Mercedes-AMG boss Tobias Moers has confirmed to TopGear.com that the Project One hypercar will cost €2.275m (£1.97m at current exchange rates, £2.37m including tax) and be limited to a run of 275. Set to be revealed at the Frankfurt show in September - with first customers getting their cars in 2019 - it will be the most direct transfer of F1 technology into a road car yet.
“It’s pure F1 technology,” Moers tells us. “It’s a 1.6-litre engine, it still revs to 11,000rpm, but idles at 1,280rpm. All the electric components are from F1 - the crank motor, the split turbo, the front axle is driven by electric motors. Even the battery cells are F1, the most expensive cells on the planet.”
There’s still no official word on power output, although the general consensus is around 1000bhp, and Moers wouldn’t be drawn into making any performance claims: “I’m not saying it’s the fastest road car ever, I’m not chasing top speed, I don’t want to put any numbers on the table.”

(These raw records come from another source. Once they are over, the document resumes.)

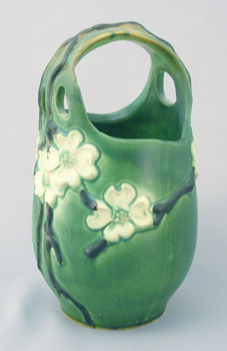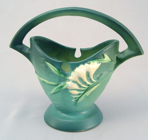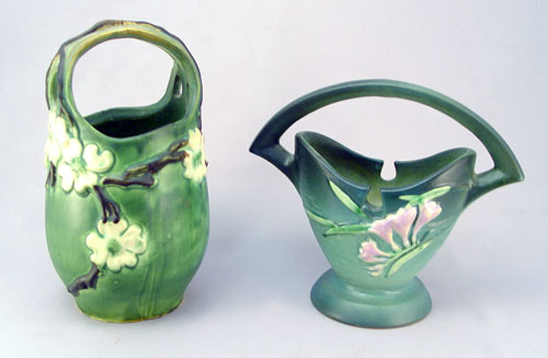 2 ROSEVILLE POTTERY BASKETS: Both green in color. Dogwood is 9''h., the Fressia is shape 390-7''.
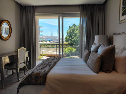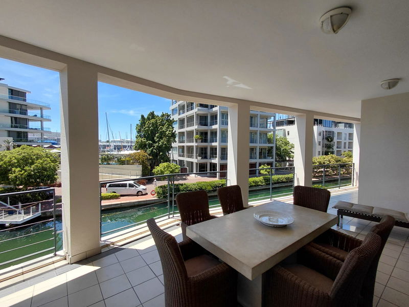 The balcony is lovely and large and has expansive views down both ways of the marine waterways, as well as a view through to the yacht basin and beyond.
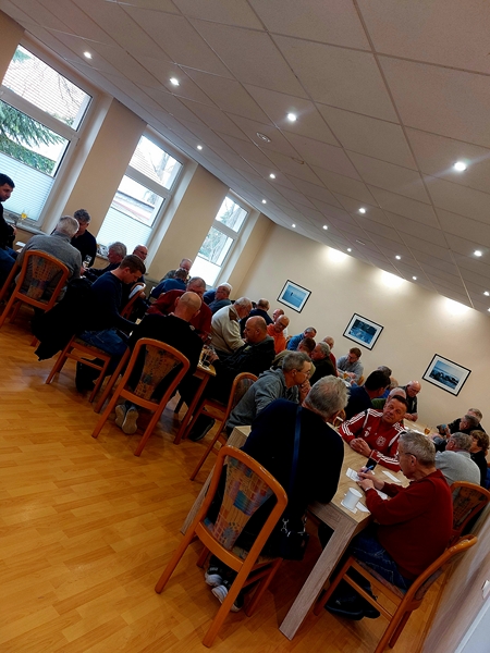 1902 e.V. ! Am 28. März 2026 lud der TSV Goldberg 1902 e.V. zur 13. Auflage des Preisskat um den Wanderpokal alle interessierte Skatfreunde aus Goldberg und dem Umland ein. Dieses Turnier findet seit 2008 statt und wird vom Sportfreund Karsten Gutsche jedes Jahr mitorganisiert. Auch in diesem Jahr wurden wieder die besten Bedingungen geschaffen, um einen schönen Nachmittag und Abend zu verbringen. Dass das Skatturnier so beliebt ist, zeigt das diese Veranstaltung bis auf den letzten Platz ausgebucht war. Binne kürzester Zeit waren alle 36 Starterplätze vergeben und die Sportfreunde des Skatblattes fanden sich um 14:00 Uhr im Veranstaltungsraum der WoGeGo ein. Bevor die Tische und Platzordnung ausgelost wurden, begrüßt der Vereinsvorsitzende Fred Kunze sowie Sportfreund Karsten Gutsche alle Teilnehmer und erklärte kurz die Abläufe. Auch in diesem Jahr haben sich viele langjährige Skatfreunde eingefunden, darunter wieder viele ehemalige Pokalsieger, um im fairen Wettstreit den diesjährigen Skatkönig oder Skatkönigin zu ermitteln. |
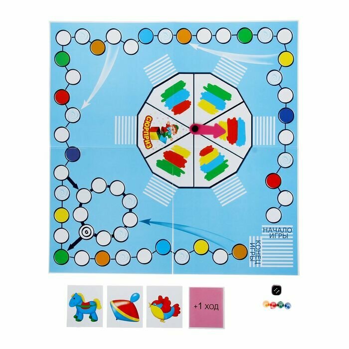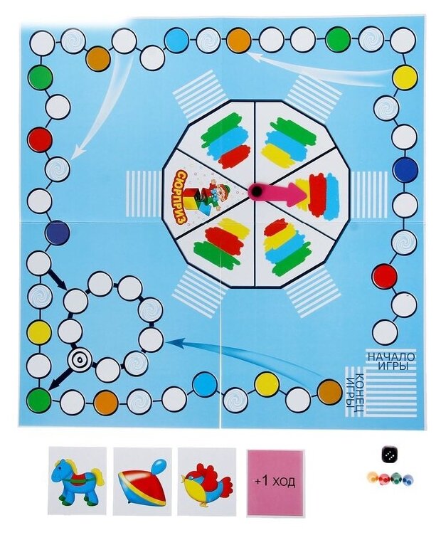 | Состав набора | поле, карты - 35 шт., стрелка, кнопка, блочка, кубик, фишки - 4 шт., правила |
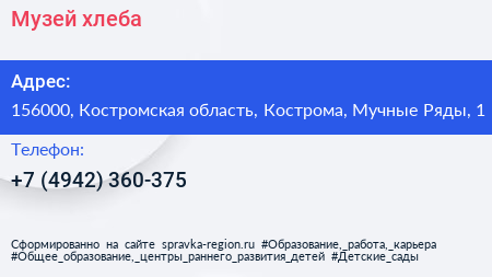 Музей хлеба по адресу 156000, Костромская область, Кострома, Мучные Ряды, 1 в дальнейшем Организация, размещена в следующих категориях:
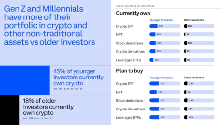 这种代际投资理念的转变,在加密货币的接纳程度上体现得最为淋漓尽致。报告显示,45%的年轻投资者已持有加密货币,而这一比例在老一辈投资者中仅为18%。此外,近半数(47%)的年轻投资者希望能抢在普通市场之前,率先接触新型加密资产;相比之下,仅有16%的老一辈投资者有此诉求。
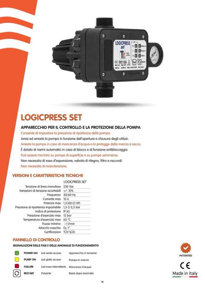 Arresta la pompa in caso di mancanza d’acqua e la protegge dalla marcia a secco.
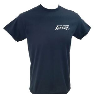 Los Angeles Lakers Double Script Retro Logo BLACK Basketball Tee. Size: S, M, L and XL

What he will be doing, though, is wading into the murky world of Nürburgring lap times: “Yes, we’ll do it, come back to me at a later date. For hypercars none really does it, but you’ll see a time from us.”
And what about the car’s core character? You’d rightly expect a car spawned directly from F1 to be massively track-focused… though apparently, that’s not the plan. “My task is to make it a car you can use everyday,” Moers said. “You don’t need an F1 team, you don’t need special gas, you don’t need anything, you just push the button, it fires up and you drive away. That’s a challenge.”